**Exercise description**
Scan the listing and copy each line where the word "Email" is present.

**Entries shown**
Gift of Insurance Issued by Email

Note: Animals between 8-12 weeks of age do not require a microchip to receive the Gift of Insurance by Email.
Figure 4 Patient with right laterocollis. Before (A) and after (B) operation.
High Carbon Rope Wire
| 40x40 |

---

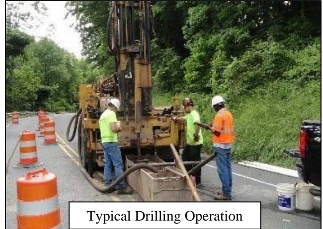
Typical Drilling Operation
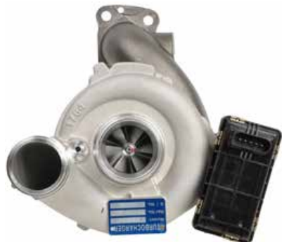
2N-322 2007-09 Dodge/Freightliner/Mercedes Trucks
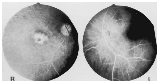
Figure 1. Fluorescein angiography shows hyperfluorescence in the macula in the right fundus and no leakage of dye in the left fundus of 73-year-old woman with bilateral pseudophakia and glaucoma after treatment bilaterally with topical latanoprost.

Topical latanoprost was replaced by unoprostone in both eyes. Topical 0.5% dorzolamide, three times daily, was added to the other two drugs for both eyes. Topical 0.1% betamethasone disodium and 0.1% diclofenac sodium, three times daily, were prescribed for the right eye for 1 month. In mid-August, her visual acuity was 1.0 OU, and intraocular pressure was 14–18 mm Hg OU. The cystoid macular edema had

* * *

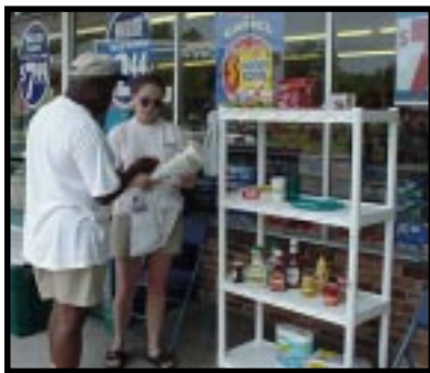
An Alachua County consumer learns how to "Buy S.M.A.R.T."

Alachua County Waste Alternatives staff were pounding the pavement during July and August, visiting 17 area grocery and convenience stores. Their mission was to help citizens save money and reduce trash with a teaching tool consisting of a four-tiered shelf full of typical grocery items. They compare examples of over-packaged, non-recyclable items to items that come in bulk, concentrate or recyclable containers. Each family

**Answer box**
Gift of Insurance Issued by Email
Note: Animals between 8-12 weeks of age do not require a microchip to receive the Gift of Insurance by Email.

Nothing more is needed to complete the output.